The team's decision was complicated by the fact that Manning helped increase the value of the franchise by $233 million, or 366 percent, since it selected him with the first overall pick in the 1998 NFL draft, according to a Forbes report. Manning, a four-time Most Valuable Player, missed the 2011 season after several surgeries on his neck. He was due a bonus of $28 million before Thursday if he remained a part of the Colts organization.
On a smaller scale, millions of workers find themselves in similar situations.
"Companies place most of their value on the future of their organization and not on the individuals who may have gotten them there," said Koppelman.
"It is my experience that loyalty both from an employer and employee standpoint is something that is not as prevalent as it was five or 10 years ago," the job recruiter added. "We are almost in a climate where it is understood that people are there for a certain period of time, and therefore there is an understanding that there will be an end in that relationship."
The end for Manning and the Colts mirrors many workplace situations where youth is chosen over experience. As they did in 1998, the Colts again hold the first overall pick in the draft, which will allow them to replace Manning with a highly touted quarterback prospect. Many other businesses in recent years have traded proven workers for new employees with little or no experience.
While these new employees, like Manning's successor, may come with new skills as well as a smaller pay requirement, that does not guarantee success. Businesses, however, seem willing to take the chance.
"In the corporate world it is not personal, it's business," said Koppelman. "We are in a society where people are expected to stay at an organization between three and five years.

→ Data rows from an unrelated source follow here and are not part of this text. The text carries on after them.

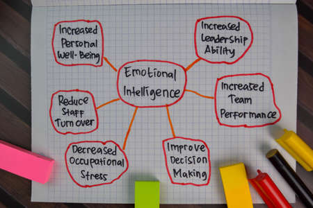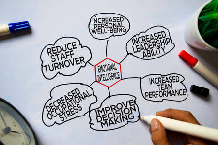Emotional Intelligence text with keywords isolated on white board background. Chart or mechanism concept.
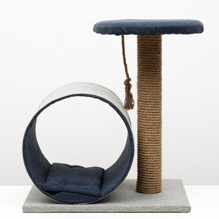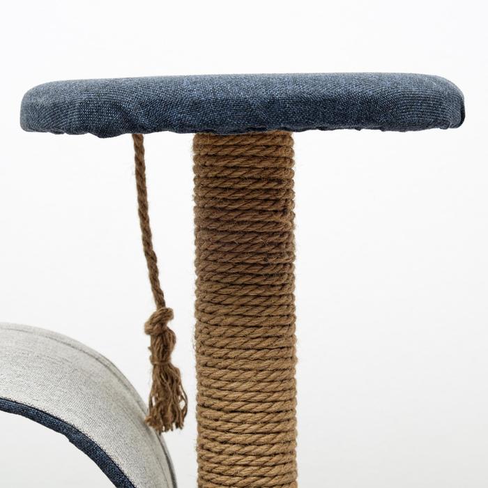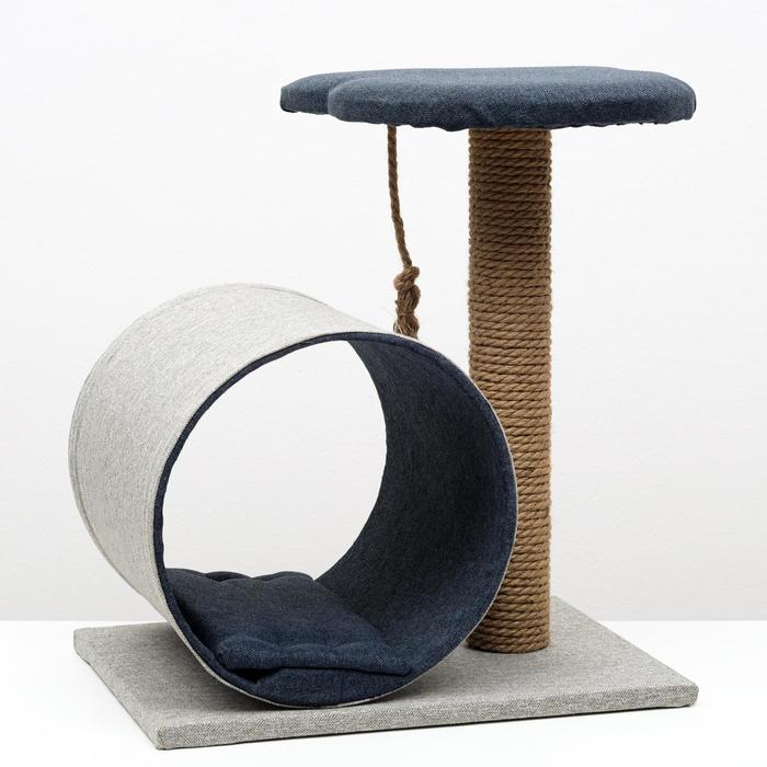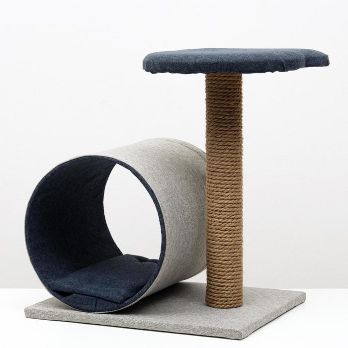 Ключевая особенность этого комплекса — сочетание когтеточки, туннеля и полочки, что делает его идеальным для активных игр и отдыха. Когтеточка, обмотанная джутом, обеспечивает естественную заточку когтей, что способствует сохранению ваших мебели и обоев в идеальном состоянии.
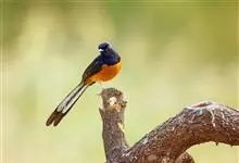 蓝额红尾鸲体长14-16厘米。雄鸟夏羽前额和一短眉纹辉蓝色,头顶、头侧、后颈、颈侧、背、肩、两翅小覆羽和中覆羽以及颏、喉和上胸概为黑色具蓝色金属光泽。主要以甲虫、蝗虫、毛虫、蚂蚁、鳞翅目幼虫等昆虫为食,…全部>>
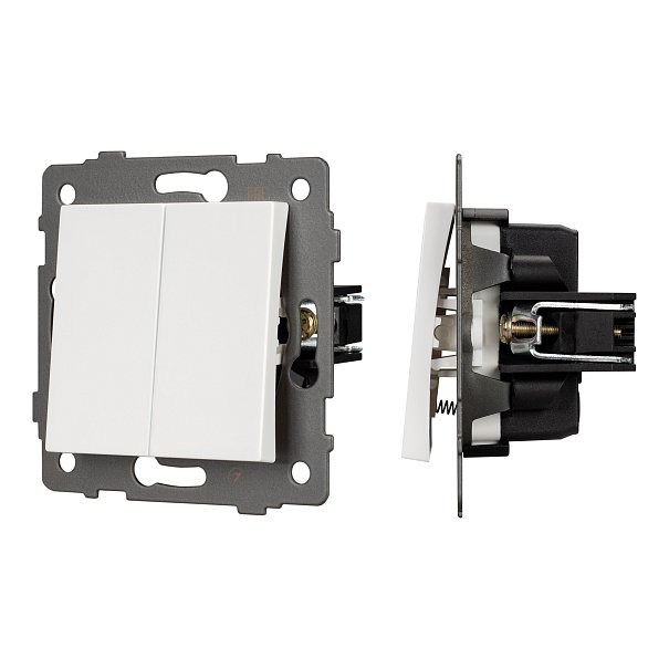 Механизм выключателя света клавишный на 1 пост 2 возвратные клавиши. Цвет - белый. Без фронтальной рамки. Уровень пылевлагозащиты IP20. Выключатель устанавливается в стандартный круглый подрозетник. Габаритные размеры: длина 71 мм, ширина 71 мм, высота 52 мм. Гарантийный срок 10 лет.
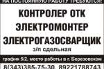 Контролер ОТК, электромонтер, электрогазосварщик, г. Березовский
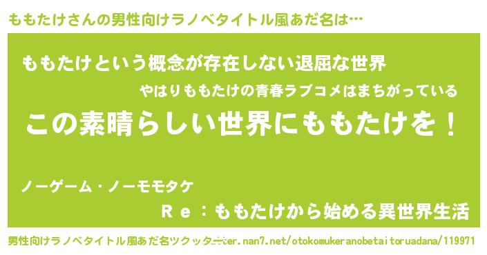 | ヒーロー風カッコイイあだ名 | 『仮面モモダー』『ネオモモタケ』 |
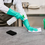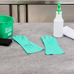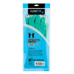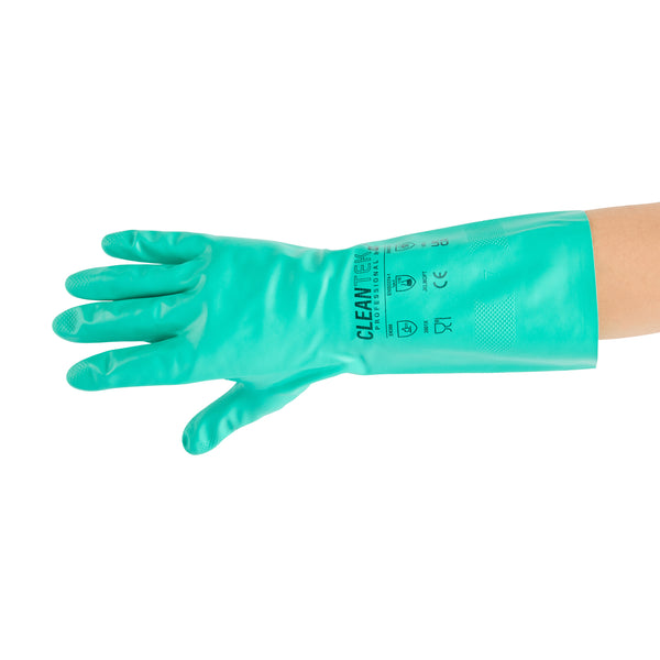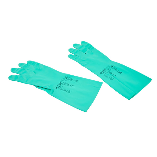 Ensure safety and comfort during cleaning tasks with reliable protection. Clean Tek Professional Chemical-Resistant Nitrile Gloves offer a durable 15-mil thickness that ensures hand protection during tough tasks, making them the ideal nitrile gloves for demanding environments. The chemical-resistant gloves are flock-lined to add comfort and keep hands dry for long wear, reducing hand fatigue for professionals who need to wear dishwashing gloves for extended periods. Designed with a long cuff, these gloves protect wrists and forearms from spills and debris, providing an added layer of security in commercial kitchens. Measuring 13 inches in length and 4 1/4 inches in width, these medium-sized gloves provide a snug fit, enhancing dexterity and grip. Made from high-quality nitrile material, these gloves are perfect for handling a variety of chemicals safely. Each order includes 1 Pair of Clean Tek Professional Chemical-Resistant Nitrile Gloves.
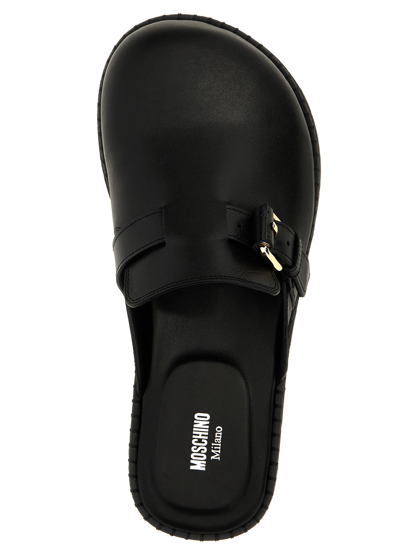 'Birky' leather sabots, adjustable strap, metal details, rubber sole.
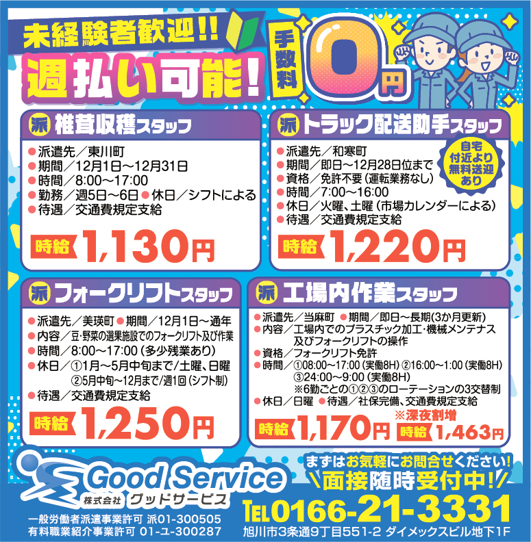 | 職種 | 椎茸収穫スタッフ 派遣 トラック配送助手スタッフ 派遣 フォークリフトスタッフ 派遣 工場内作業スタッフ 派遣 |
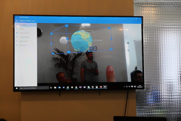 Les images HoloLens projetées sur le monde réel autour de moi sont éclatantes, nettes et réalistes — bien que l’on peut encore voir quelques objets qui ne sont pas très lisses. Mais, c’est à la responsabilité du développeur de créer un objet « parfait ». Quand je me déplace autour d’eux, les formes holographiques se comportent comme des objets réels, de sorte que je peux les voir sur toutes les facettes — ou non, s’ils sont obstrués par d’autres hologrammes.
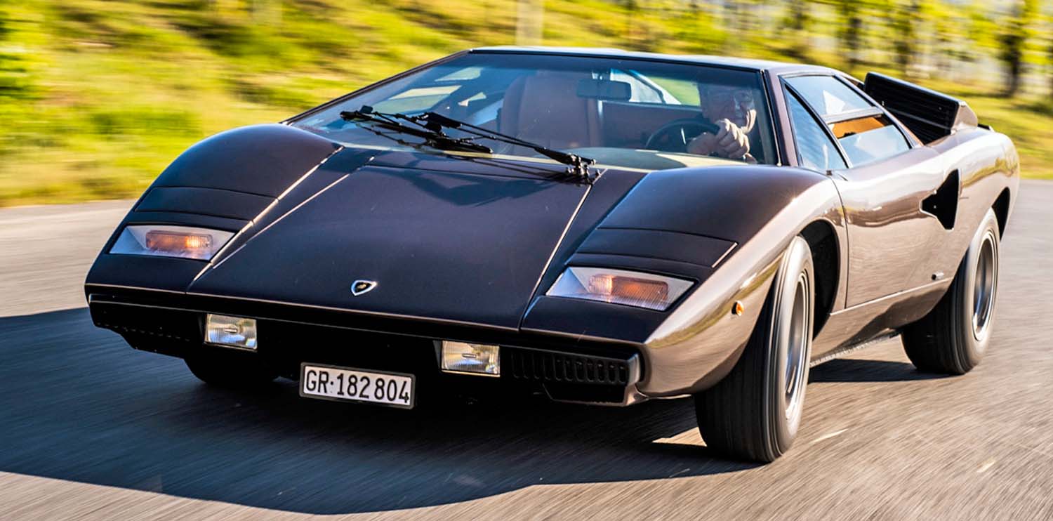 In the summer of 1970, Ferruccio Lamborghini pushed his men to get a revolutionary car that could succeed in the not so easy undertaking of replacing an icon like the Miura. The new car had to be technically advanced and faster, able to become the sports car symbolizing the 1970s. The 12-cylinder engine remained but its displacement was increased from 4 to 5 liters, and its position on the car changed: from rear transversal to rear longitudinal. To be able to achieve this while avoiding the limitations of a rear overhang transmission, the company’s technical manager, Paolo Stanzani, invented a new technical solution, with the transmission placed in front of the engine, practically abutting the seats, and the propeller shaft passing inside the engine block. From the stylistic viewpoint, Marcello Gandini, head of style at Carrozzeria Bertone, decided to abandon the rounded shapes that had distinguished the 1960s and he designed a very low and wide car featuring sharp edges. It was absolutely extraordinary in its shape.
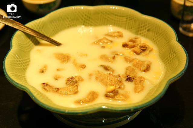 奶汤排骨,亮点是奶汤。这里的奶汤,可不是牛奶或者奶油沏汤,而是普通鸡鸭猪骨的高汤中,又加入了猪肘猪爪这种胶原蛋白含量高,煮的浓稠醇厚的那一挂。
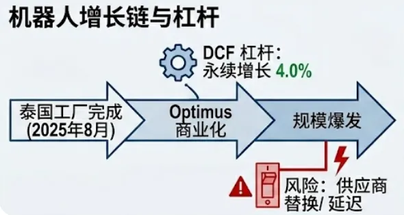 传统误判:市场一看2025年机器人业务预计营收才区区约1个亿,觉得连牙缝都不够塞,直接判定为纯概念炒作,不配给主业估值溢价 。估值里的最强杠杆点:DCF模型中的永续增长率(被小摩从3.5%上调至4.0%)。为什么它是杠杆?因为在折现模型中,微小的永续期增速上调会通过复利极大地放大最终的企业终值(Terminal Value),这意味着外资认为机器人彻底掀开了三花长期的天花板关键验证窗口:2025年8月底及随后的几个季度,必须看到泰国工厂产能如期落地,且核心大客户(特斯拉)的机器人投产进度符合预期 。撤回条件=估值逻辑崩塌:大客户Optimus核心机电执行器突然切换为其他供应商,或泰国工厂建设长期停滞不前。04 | 写在最后:核心假设&关键跟踪指标

It is almost a transient existence. There is an expectation that in order to advance you will leave."
"When an employer is making a decision to move on, I would hope they do it in a dignified way. Frankly, as a person in the recruiting business, that is more often than not the case."
Mary Gentile, author of "Giving Voice To Values: How To Speak Your Mind When You Know What's Right" (Yale University Press, 2010), said: "If it is clear that the organization does, indeed, have the right to take this action, then the question becomes: Do they act [to] satisfy their responsibilities to the organization as well as to the employee they are dismissing?"
In the case of Manning, who now is free to sign with any other team, "we are not talking about someone who is making minimal wage and just getting by paycheck to paycheck," Gentile said. "But on the other hand, his future is somewhat uncertain given his injuries, and the general categories for consideration are still relevant."